Unfortunately, such a slow shutter speed may eliminate a feature that a faster shutter speed would have caught. Look at the two photos below. The one on the left captured the look I wanted and while I like it a lot, one thing I liked about this waterfall was the foam that it created in the pool. A close look at the photo on the right reveals that I captured the detail in the pool that is missing from the the photo on the left. So does that mean I can't have the best of both worlds? Not at all. Combining the best features of both photos is easily done. Here's how.

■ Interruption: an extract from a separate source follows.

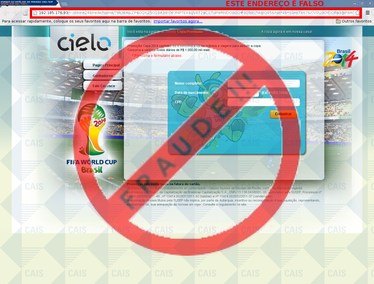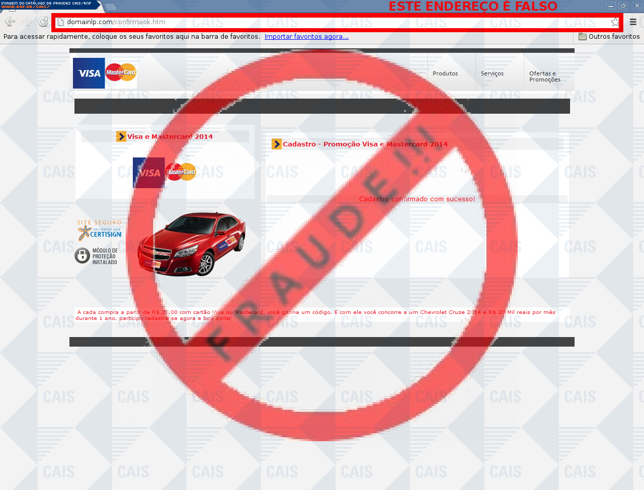 |   |  Fraudes identificadas e divulgadas pelo CAISA partir de 2008, todas as fraudes identificadas pelo CAIS estão sendo ordenadas de acordo com a data de distribuição e disponibilizadas para consulta, com o intuito de conscientizar a comunidade sobre os principais golpes que estão em circulação. Adicionalmente, o CAIS envia alertas de segurança através da lista CAIS Alerta quando uma fraude mostra-se particularmente perigosa aos usuários de computadores. Reporte fraudes:

In the field, you must use a tripod to capture the waterfall using different settings.It is important to get the exact same composition for each photo. That's why a tripod is a must. For the photo on the left, I used a shutter speed of 1/2 second. For the one on the right, I shot at 1/60 second.

When shooting at slow shutter speeds, you will be using small apertures, like f-16, f-22 or even smaller. Small apertures will keep everything in focus. I made the shot on the left using an aperture of f-22. The shot on the right was made at f-8. While everything in it is in acceptable focus, the foreground on the photo on the left is much sharper.

(Click on images to enlarge.)

Once you have your photos, open both of them in Photoshop. Click on Window, Arrange, Tile All Vertically. Photoshop will place both photos together on your screen. Click on the photo with the attributes you like most. (In this case, the photo on the left.) We'll call it photo 1. Then press and hold the CTRL key, then press the J key. That will create a duplicate layer. Then use the Move tool. Using your mouse, grab the layer and move it over photo 2. Then press and hold the shift key and release the layer. Using the shift key will perfectly align that layer from photo 1 over the photo 2. When you've done that, close photo 1.

Now click on the add a layer mask icon. Here's where the magic happens. Use a soft brush and set the opacity control to about 30%. Use it to paint over the area of the pool where the bubbles and foam are on the layer below it. Paint until you get the effect you are looking for. Here's my final photo.

1 comment:

  1. Thanks for your quick and easy lesson on layering in PS, Al. I have learned so much over the years from you about compositing in Photoshop. What I love about this approach to our art is that - in spite of some observers' pejorative comment about "manipulation" what you end up as an actual result could easily be imagined in the minds eye. Thanks Al!